__Exercise brief__. Write out every line exactly, from the start of the records below to the line with "An impressive sunrise in Tikal National Park.", and stop there. Don't write out the pictures.

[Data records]

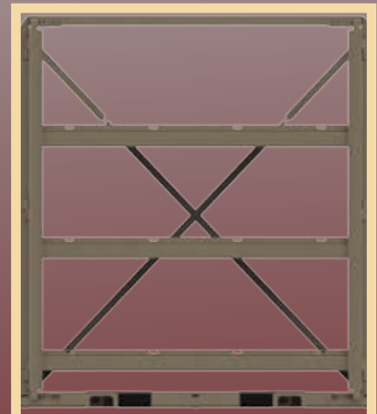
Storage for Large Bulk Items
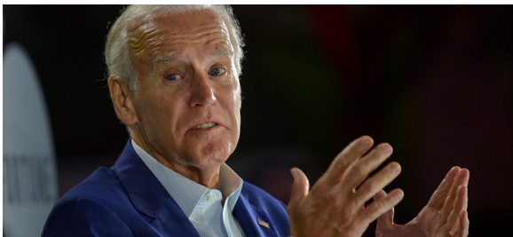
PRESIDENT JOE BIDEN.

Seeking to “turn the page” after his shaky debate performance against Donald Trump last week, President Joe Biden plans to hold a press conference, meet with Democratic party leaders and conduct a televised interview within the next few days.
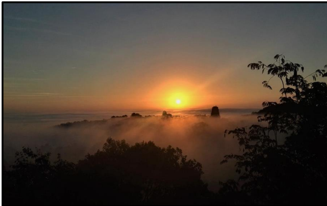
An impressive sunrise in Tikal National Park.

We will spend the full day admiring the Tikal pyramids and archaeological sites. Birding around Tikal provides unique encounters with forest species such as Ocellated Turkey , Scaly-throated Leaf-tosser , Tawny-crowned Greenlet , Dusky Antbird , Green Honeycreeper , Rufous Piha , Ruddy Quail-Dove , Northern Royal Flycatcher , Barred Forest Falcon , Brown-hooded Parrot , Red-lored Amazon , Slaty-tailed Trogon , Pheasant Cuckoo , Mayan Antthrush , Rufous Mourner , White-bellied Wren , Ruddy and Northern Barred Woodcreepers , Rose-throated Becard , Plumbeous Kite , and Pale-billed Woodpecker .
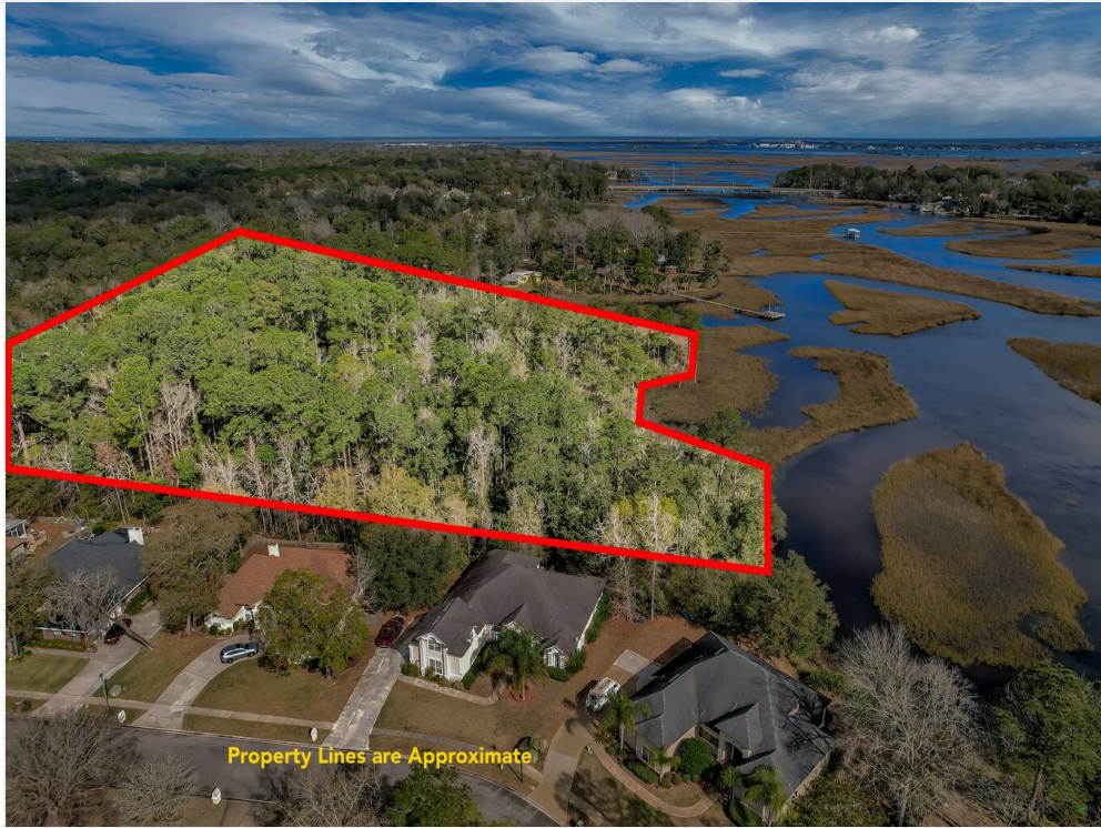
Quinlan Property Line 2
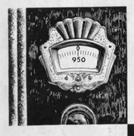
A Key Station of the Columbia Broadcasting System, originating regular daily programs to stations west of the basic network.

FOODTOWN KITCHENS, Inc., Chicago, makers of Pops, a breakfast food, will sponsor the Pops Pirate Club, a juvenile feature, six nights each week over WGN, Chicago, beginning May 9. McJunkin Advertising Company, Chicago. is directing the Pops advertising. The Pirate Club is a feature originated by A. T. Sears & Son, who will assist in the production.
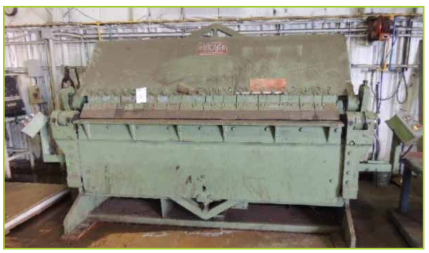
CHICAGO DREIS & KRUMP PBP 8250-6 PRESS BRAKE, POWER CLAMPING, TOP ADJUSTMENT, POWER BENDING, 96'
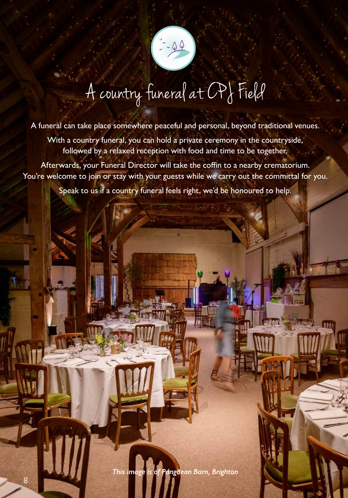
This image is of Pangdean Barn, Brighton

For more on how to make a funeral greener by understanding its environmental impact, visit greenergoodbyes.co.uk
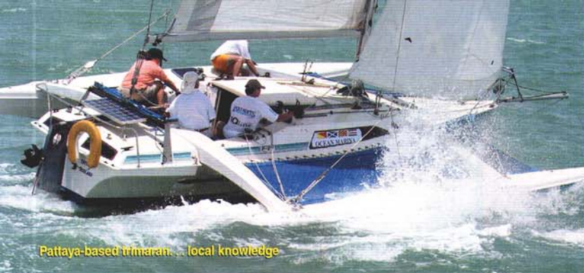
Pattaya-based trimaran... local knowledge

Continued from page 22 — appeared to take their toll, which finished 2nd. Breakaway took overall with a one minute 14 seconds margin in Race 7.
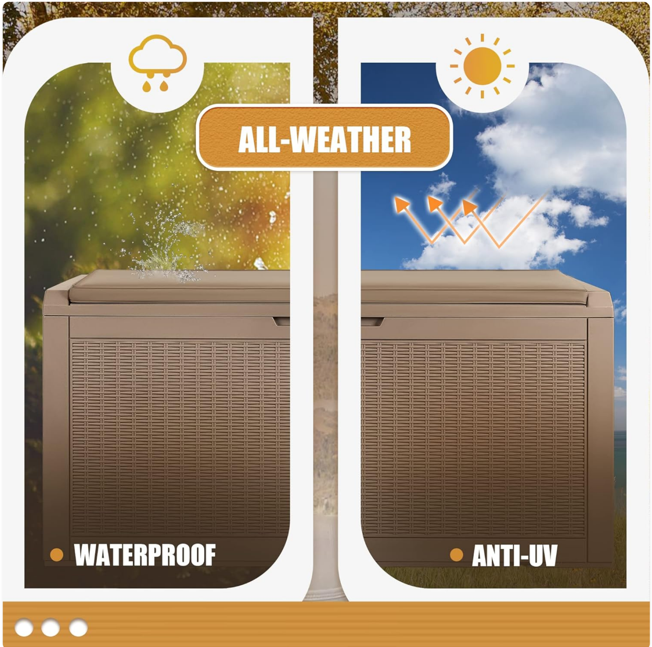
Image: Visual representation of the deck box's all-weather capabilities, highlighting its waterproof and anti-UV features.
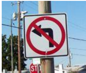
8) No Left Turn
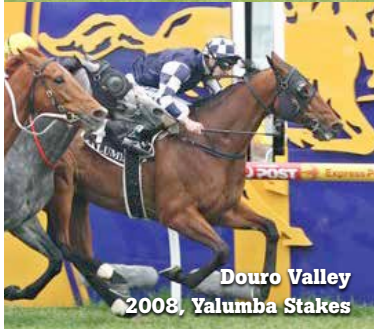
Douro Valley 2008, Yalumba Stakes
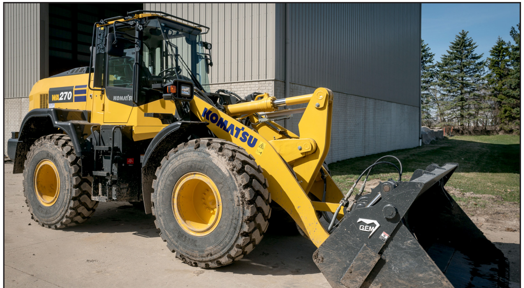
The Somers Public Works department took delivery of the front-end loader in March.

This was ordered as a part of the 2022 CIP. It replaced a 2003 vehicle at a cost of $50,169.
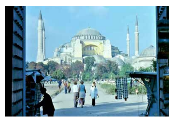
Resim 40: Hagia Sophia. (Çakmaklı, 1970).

__Output for this task__.
Storage for Large Bulk Items
PRESIDENT JOE BIDEN.

Seeking to “turn the page” after his shaky debate performance against Donald Trump last week, President Joe Biden plans to hold a press conference, meet with Democratic party leaders and conduct a televised interview within the next few days.
An impressive sunrise in Tikal National Park.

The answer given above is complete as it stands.